Neo Solar Power Corporation
- Type: Public (TWSE: 3576)
- Industry: Solar Photovoltaics, Photovoltaics, Optoelectronics
- Founded: 2005
- Headquarters: Hsinchu, Taiwan
- Key people: Dr. Quincy Lin ( Honorary Chairman & CSO) Dr. Sam Hong (Chairman & CEO) Andy Shen (President)
- Products: Solar Cell & Module &Solar System
- Revenue: US$ 420 million (2012)
- Number of employees: ~2,400 (2013)
- Website: www.nsp.com

= Neo Solar Power =

Taiwan-based solar manufacturer

Neo Solar Power Energy Corp. (traditional Chinese: 新日光能源), also known as NSP, is a Taiwan-based solar cell and module manufacturer. The company was ranked one of the global top ten solar cell manufacturers by capacity in 2013 and the largest solar cell producer by revenue in Taiwan. Neo Solar Power has merged into United Renewable Energy Co., Ltd. (3576.TW).

==History and company developments==
Founded in 2005, Neo Solar Power is a crystalline silicon solar cell manufacturer that is publicly listed on the Taiwan Stock Exchange. The company was ranked No. 6 in the 2009 Deloitte Technology Fast 500 Asia Pacific Ranking and CEO Survey.
In August 2011, Dr. Sam Hong, CEO of Neo Solar Power Corp., has been elected the Chairman of the Taiwan Photovoltaic Industry Association (TPVIA).

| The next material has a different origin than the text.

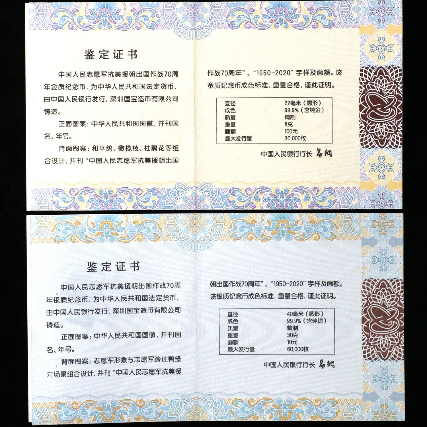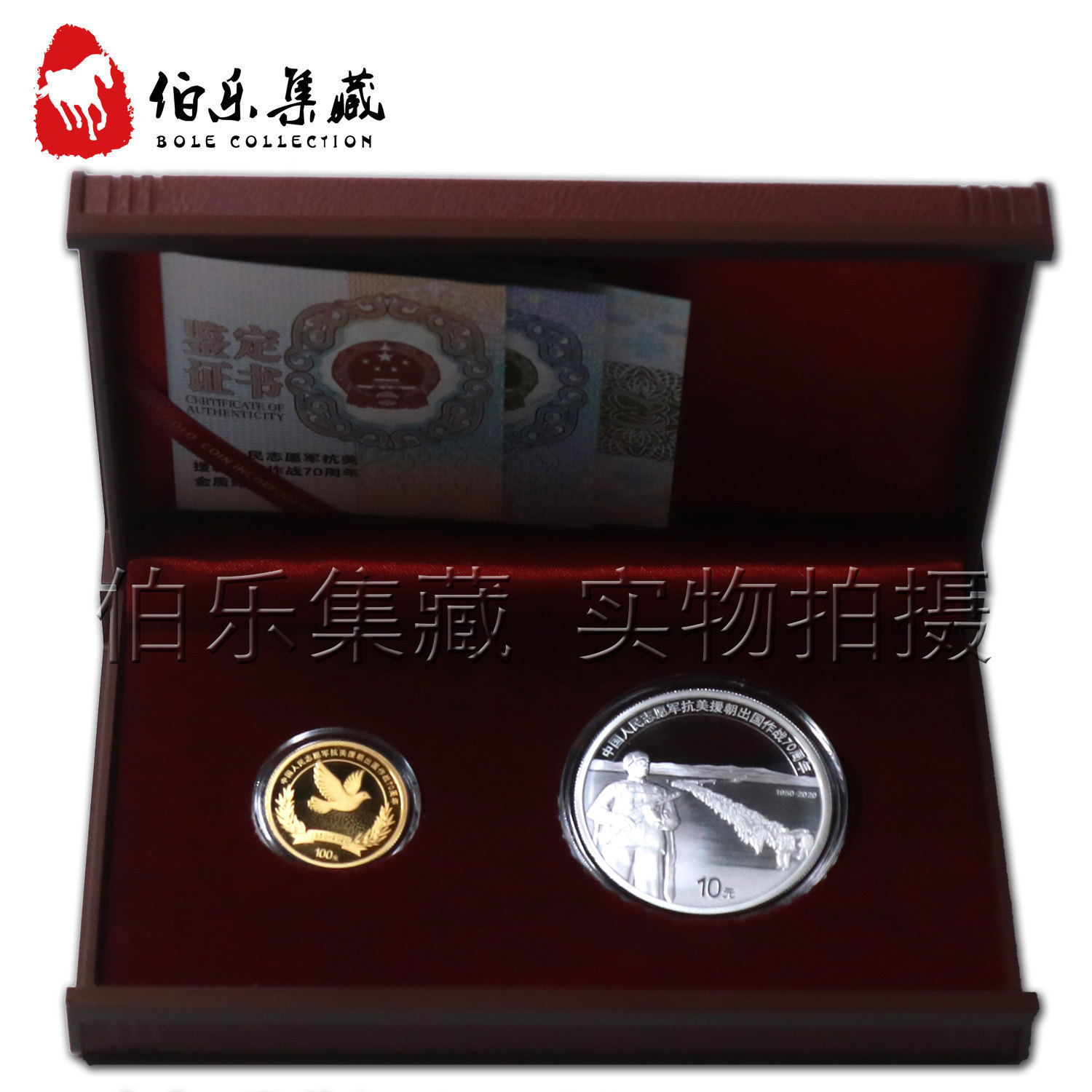 Новый оригинальный сертификат коробки 2020 года 70 -летие китайской народной армии добровольцев снова Соединенные Штаты и помощь Северной Кореей - это золотые и серебряные монеты

On May 31, 2013, Neo Solar Power merged Delsolar and has become the largest solar cell producer in Taiwan by capacity.

On October 17, 2017, it was reported that NSP signed a letter of intent to merge with solar cell producers Gintech Energy Corp (昱晶能源) and Solartech Energy Corp (昇陽光電) in order to improve global competitiveness. The merger is to be executed via share swaps in the third quarter of 2018, creating a new company called United Renewable Energy Corporation (聯合再生能源股份有限公司). The company would be the second-largest solar company in the world in terms of installed capacity.